EXERCISE GOAL: Return only the lines from the one that contains "This is the" through the last line of the records below, exactly as they stand. Pictures are not part of the copy.

Stored data entries:

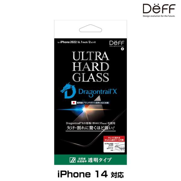 iPhone14 用 ガラスフィルム ULTRA HARD GLASS for iPhone 14 透明 高光沢 AGC DragonTrail X 採用 Deff かんたん貼り付けツール付き
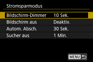 Sie können den Zeitpunkt einstellen, zu dem sich der Bildschirm verdunkelt und dann ausschaltet, zu dem sich die Kamera ausschaltet und zu dem sich der Sucher ausschaltet, nachdem die Kamera nicht benutzt wurde (Bildschirm verdunkeln, Bildschirm aus, Automatische Abschaltung und Sucher aus).
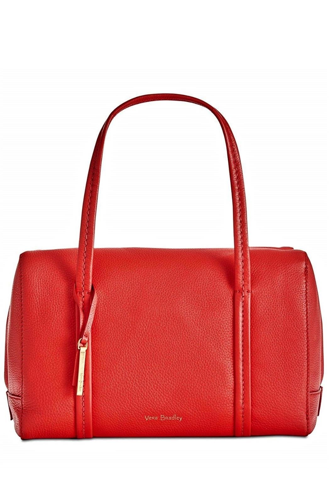 This is the Vera Bradley Leather Mallory Satchel in the color Canyon Sunset. You know what you like in a bag: a great silhouette, just the right amount of organization and style to spare. And there's just nothing that quite compares to the look, the scent, and the feel of great quality vegetable tanned cowhide leather, and it only gains character as it is used! Double carry handles plus a removeable adjustable shoulder/crossbody strap add to it's versatility. On the front is gold engraved leather signature detail, and a hidden side zip pocket. Inside is 2 slip pockets and 1 zip pocket. Beside the top zip is the perfect phone zip pocket. The lining is sewn from sturdy 100% cotton in a beautiful vintage print. Gold tone hardware. Zip top and sides closure. Flat bottom so it stands up nicely when at rest, but it will also fold for storage and travel. Click on "Mimi's Gift Gallery" to find other Vera Bradley leather bags and accessories and more in the Canyon Sunset color. Dimensions: Measures approximately 12-1/4" Wide x 7-3/4" High x 5" Deep with a 5" double handle drop and 20" max shoulder strap drop.
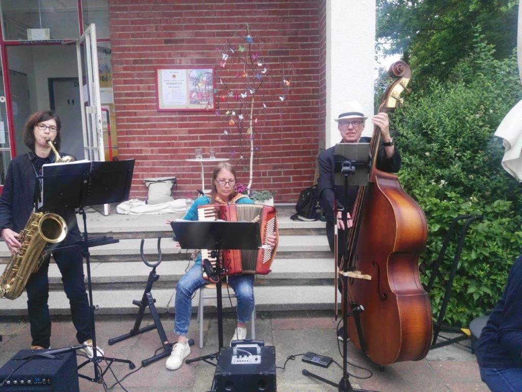 Am Nachmittag gab es großartige musikalische Unterhaltung durch das Trio Afterwork mit Saxophon, Akkordeon und Kontrabass auf dem Sommerfest.
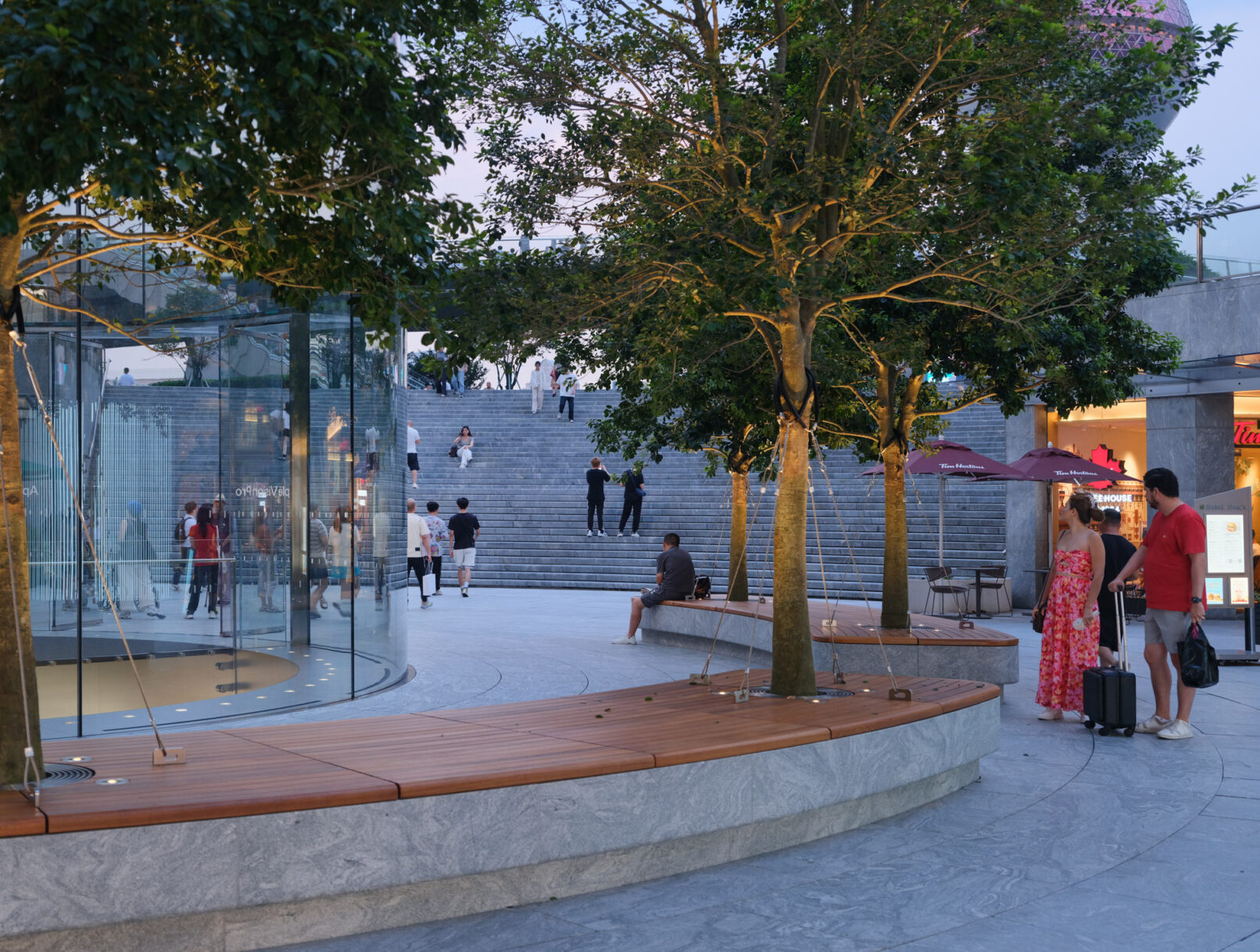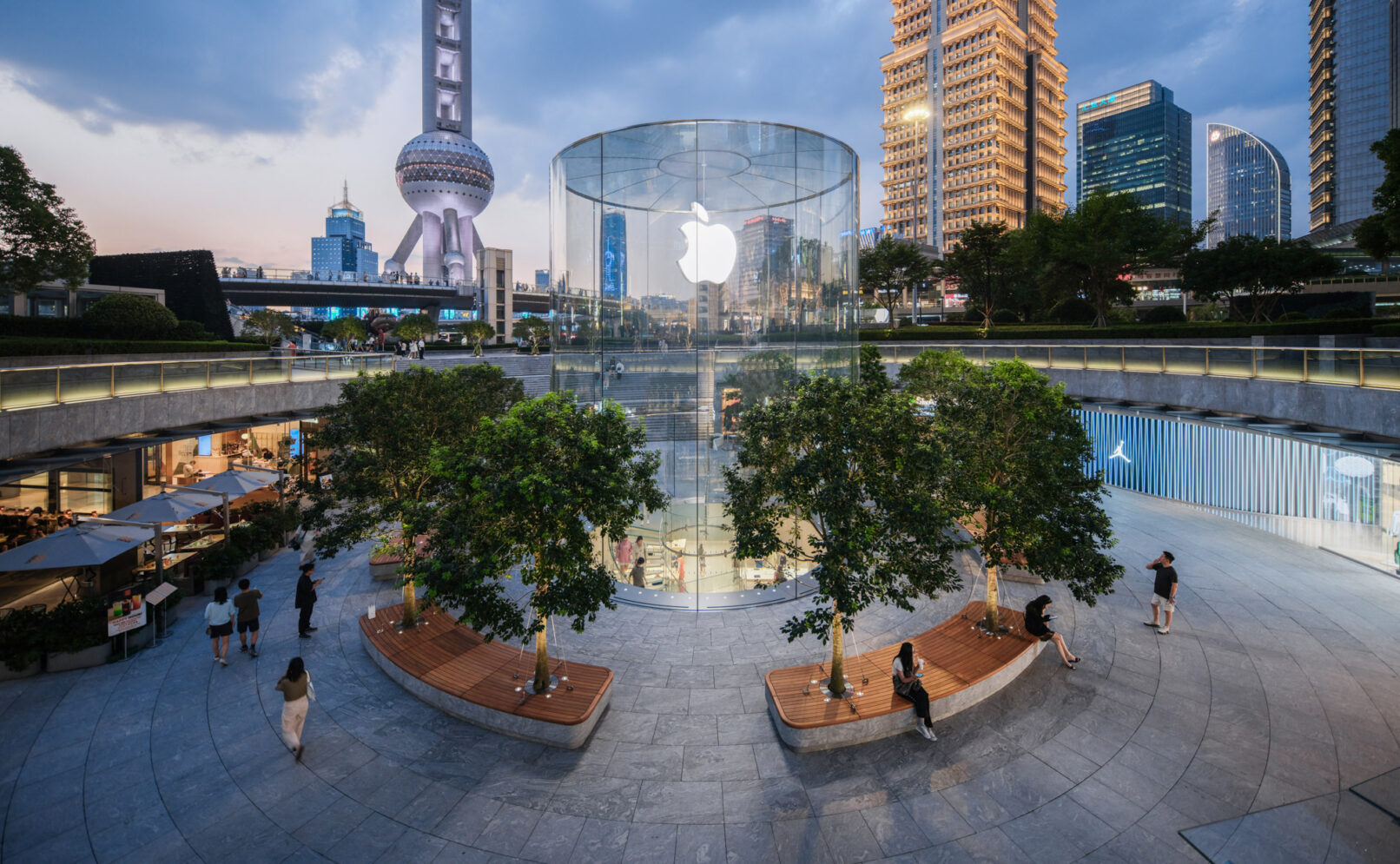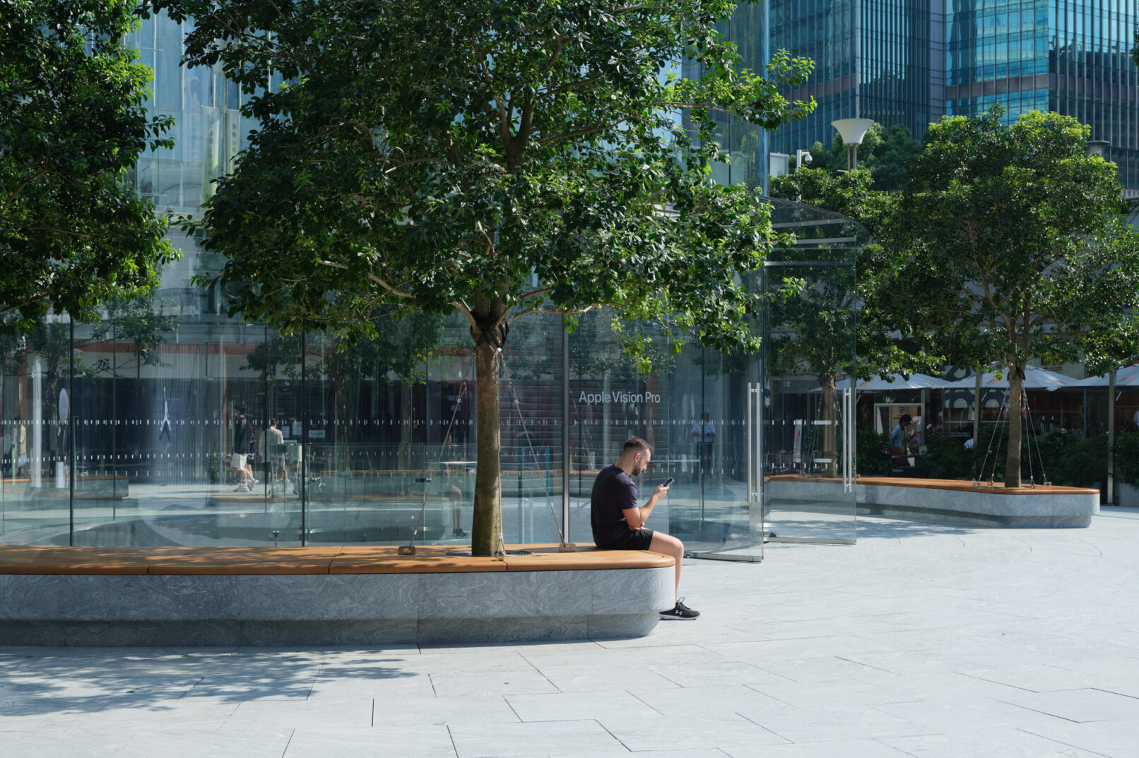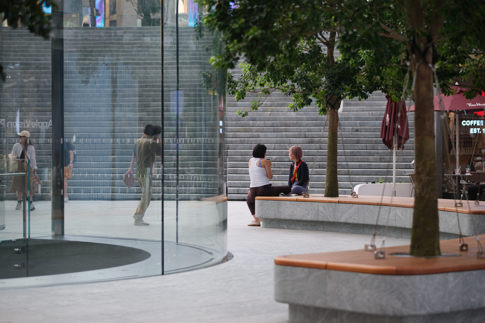 位于上海浦东的苹果Apple store,外场景观提升和幕墙更新升级,景观设计来自WAA+
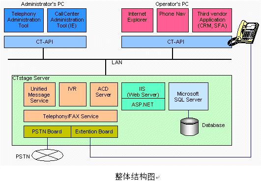 隨著經(jīng)營環(huán)境和企業(yè)環(huán)境的日益激化,作為新時代的信息策略,計算機(jī)電話集成(CTI)也由于投資小效益大而倍受注目。沖電氣公司的CTstage實現(xiàn)最先端的多媒體通信的UnPBX(在服務(wù)器中加插電話板卡,以單臺計算機(jī)實現(xiàn)PBX功能的系統(tǒng))型的開放式CTI系統(tǒng)。在一臺PC服務(wù)器上實現(xiàn)IVR和ACD功能、內(nèi)線電話控制、ACD監(jiān)視器等呼叫中心所需要的功能,成為真正意義上的UnPBX呼叫中心。先進(jìn)的CTI的解決方案將作為企業(yè)的經(jīng)營策略,迅速提高適應(yīng)市場的能力。

PROBLEM SOLUTION:
 This is the Vera Bradley Leather Mallory Satchel in the color Canyon Sunset. You know what you like in a bag: a great silhouette, just the right amount of organization and style to spare. And there's just nothing that quite compares to the look, the scent, and the feel of great quality vegetable tanned cowhide leather, and it only gains character as it is used! Double carry handles plus a removeable adjustable shoulder/crossbody strap add to it's versatility. On the front is gold engraved leather signature detail, and a hidden side zip pocket. Inside is 2 slip pockets and 1 zip pocket. Beside the top zip is the perfect phone zip pocket. The lining is sewn from sturdy 100% cotton in a beautiful vintage print. Gold tone hardware. Zip top and sides closure. Flat bottom so it stands up nicely when at rest, but it will also fold for storage and travel. Click on "Mimi's Gift Gallery" to find other Vera Bradley leather bags and accessories and more in the Canyon Sunset color. Dimensions: Measures approximately 12-1/4" Wide x 7-3/4" High x 5" Deep with a 5" double handle drop and 20" max shoulder strap drop.
 Am Nachmittag gab es großartige musikalische Unterhaltung durch das Trio Afterwork mit Saxophon, Akkordeon und Kontrabass auf dem Sommerfest.
 位于上海浦东的苹果Apple store,外场景观提升和幕墙更新升级,景观设计来自WAA+
 隨著經(jīng)營環(huán)境和企業(yè)環(huán)境的日益激化,作為新時代的信息策略,計算機(jī)電話集成(CTI)也由于投資小效益大而倍受注目。沖電氣公司的CTstage實現(xiàn)最先端的多媒體通信的UnPBX(在服務(wù)器中加插電話板卡,以單臺計算機(jī)實現(xiàn)PBX功能的系統(tǒng))型的開放式CTI系統(tǒng)。在一臺PC服務(wù)器上實現(xiàn)IVR和ACD功能、內(nèi)線電話控制、ACD監(jiān)視器等呼叫中心所需要的功能,成為真正意義上的UnPBX呼叫中心。先進(jìn)的CTI的解決方案將作為企業(yè)的經(jīng)營策略,迅速提高適應(yīng)市場的能力。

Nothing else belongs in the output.